On sonograms, stones are demonstrated as bright echogenic foci with posterior acoustic shadowing. Stones are visualized fairly well with US in the kidneys and the distal ureter at or near the UVJ, especially if dilatation is present. US is good for the visualization of complications such as hydronephrosis (or other signs of obstruction); however, some patients with acute obstruction have little or no dilation. ^{[45, 46, 47, 48, 49]}

In particular, US is helpful in evaluating those with renal insufficiency or contraindications for the use of contrast media; however, US is often skipped in favor of nonenhanced CT. ^[50]
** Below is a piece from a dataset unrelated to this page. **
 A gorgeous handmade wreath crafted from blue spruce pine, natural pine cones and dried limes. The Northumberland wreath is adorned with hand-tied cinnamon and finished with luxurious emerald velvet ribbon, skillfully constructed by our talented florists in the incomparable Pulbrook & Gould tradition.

In addition, US is good for characterizing lucent filling defects that are visualized as stones on IVU. However, US does not provide direct physiologic information regarding the degree of obstruction. Doppler imaging may demonstrate a high resistive index in acute obstruction, but this may not occur immediately or after forniceal rupture. Absence of the ureteral jet, as visualized with color Doppler on the symptomatic side, is presumptive evidence for a high-grade obstruction in a well-hydrated patient. ^{[51, 52, 53, 54, 55]}

US is very insensitive for stones, especially stones smaller than 2 mm, stones at the UPJ, or stones in the mid ureter. Fowler et. al. suggest that US has a sensitivity as low as 24%, compared with nonenhanced CT. Furthermore, estimations of stone size may not be accurate. Compared with nonenhanced CT, US is more dependent on the operator's ability and more time consuming.

US is fairly specific when stones are seen, with a specificity as high as 90%. With US, matrix or Indinavir stones may have soft tissue echogenicity without shadowing. False-positive findings may result from renal vascular calcifications. False-positive diagnoses of hydronephrosis also result from dilated vascular structures in the renal hilum. Doppler imaging is helpful in distinguishing dilated vascular structures from hydronephrosis.
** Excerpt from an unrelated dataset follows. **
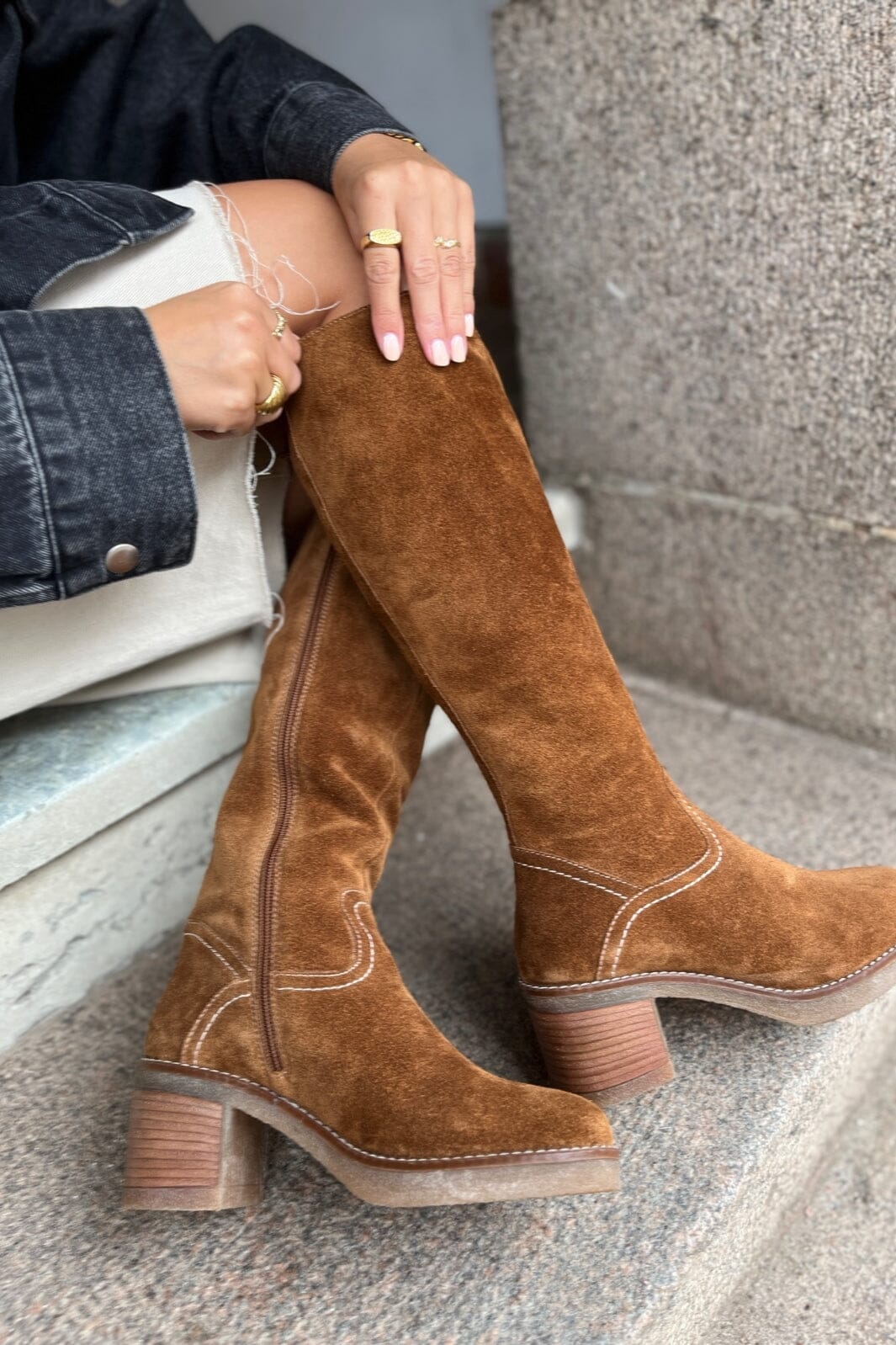 Bottes hautes de genoux de Copenhagen Shoes en daim brun. La botte a un talon bloc de 8-10 cm et une pointe ronde avec des coutures décoratives.

Nuclear medicine studies may demonstrate the retention of activity in the cortex or collecting system when the obstruction is ongoing. Nuclear medicine tests are useful in determining differential renal function for treatment planning and for assessing how much renal function might return after the obstruction is relieved. ^{[56, 38]} For example, a kidney with very little function might be removed if very little function persists after a trial of drainage. Occasionally, confirming the obstruction with nuclear medicine studies is useful if the administration of iodinated contrast material is contraindicated.

Renal function evaluation is not reliable in the presence of ongoing obstruction. Conversely, imaging findings may be normal with low-grade obstruction.